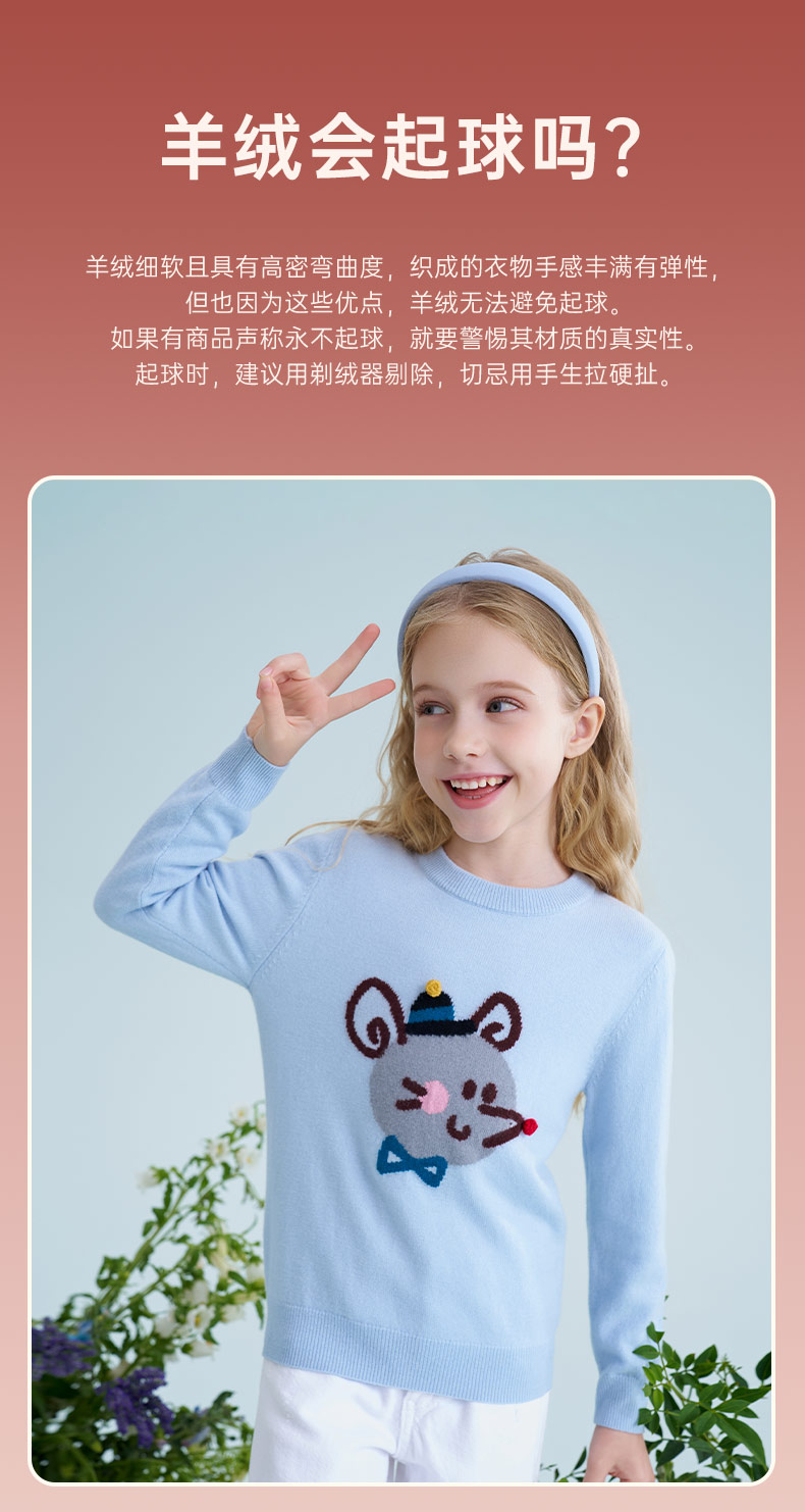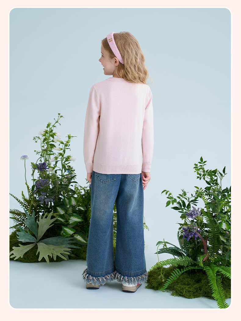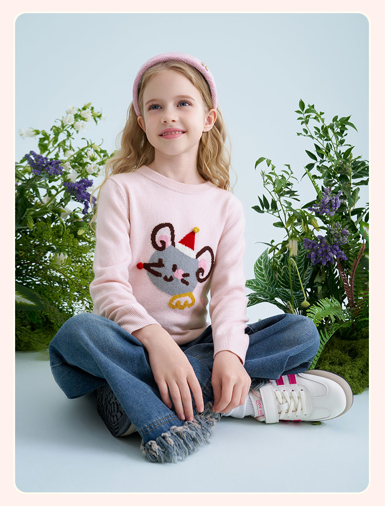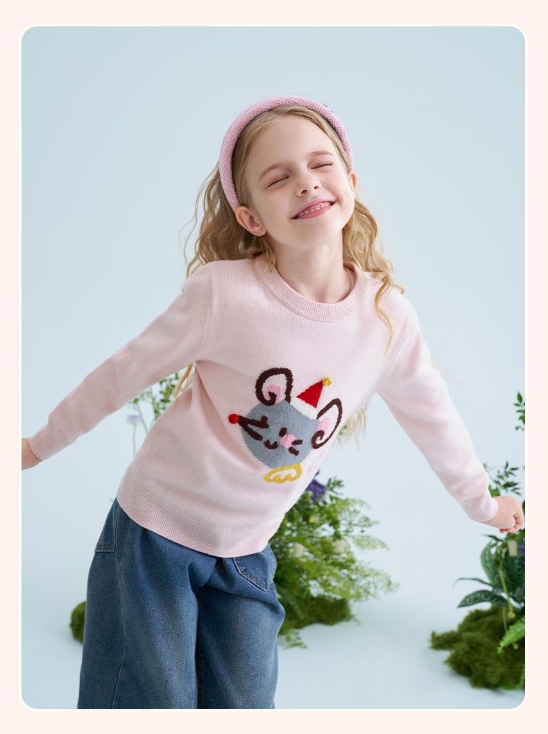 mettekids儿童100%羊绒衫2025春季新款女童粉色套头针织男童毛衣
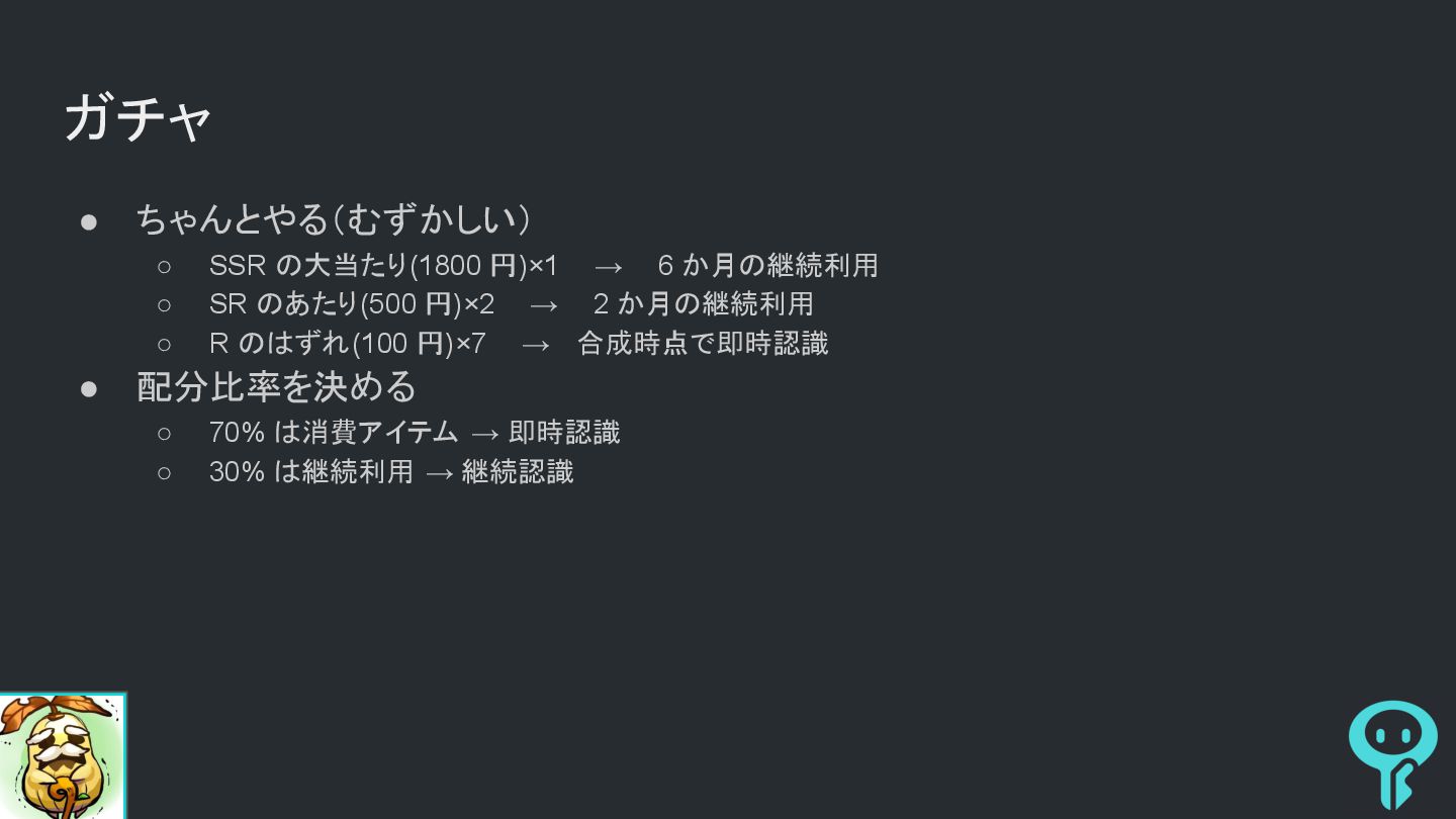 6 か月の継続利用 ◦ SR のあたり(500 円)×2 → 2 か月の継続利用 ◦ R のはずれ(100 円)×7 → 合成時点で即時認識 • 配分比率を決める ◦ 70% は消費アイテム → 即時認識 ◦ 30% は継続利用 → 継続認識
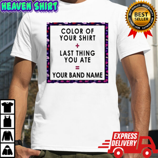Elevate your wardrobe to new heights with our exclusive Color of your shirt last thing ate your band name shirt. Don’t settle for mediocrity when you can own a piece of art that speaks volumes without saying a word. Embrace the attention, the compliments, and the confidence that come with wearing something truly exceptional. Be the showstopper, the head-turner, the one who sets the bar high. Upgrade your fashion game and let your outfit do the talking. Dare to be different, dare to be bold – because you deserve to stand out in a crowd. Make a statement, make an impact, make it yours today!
§ §
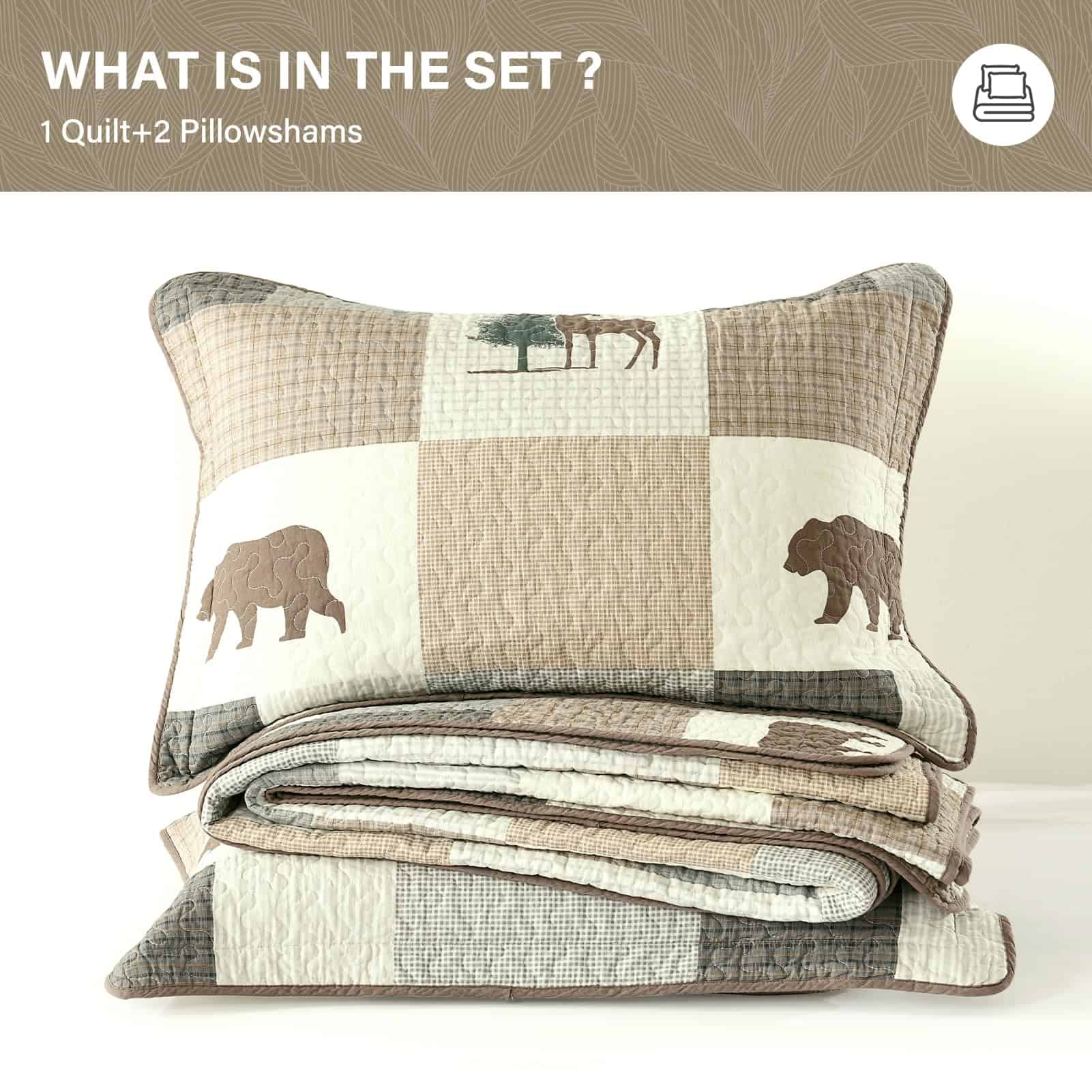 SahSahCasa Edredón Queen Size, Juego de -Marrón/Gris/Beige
§ §
Problem requirements:
The answer must be the lines above from the one containing "mettekids儿童100%羊绒衫2025春季新款女童粉色套头针织男童毛衣" through the one containing "6 か月の継続利用 ◦", reproduced exactly, with no pictures and nothing else.

Task result:
 mettekids儿童100%羊绒衫2025春季新款女童粉色套头针织男童毛衣
 6 か月の継続利用 ◦ SR のあたり(500 円)×2 → 2 か月の継続利用 ◦ R のはずれ(100 円)×7 → 合成時点で即時認識 • 配分比率を決める ◦ 70% は消費アイテム → 即時認識 ◦ 30% は継続利用 → 継続認識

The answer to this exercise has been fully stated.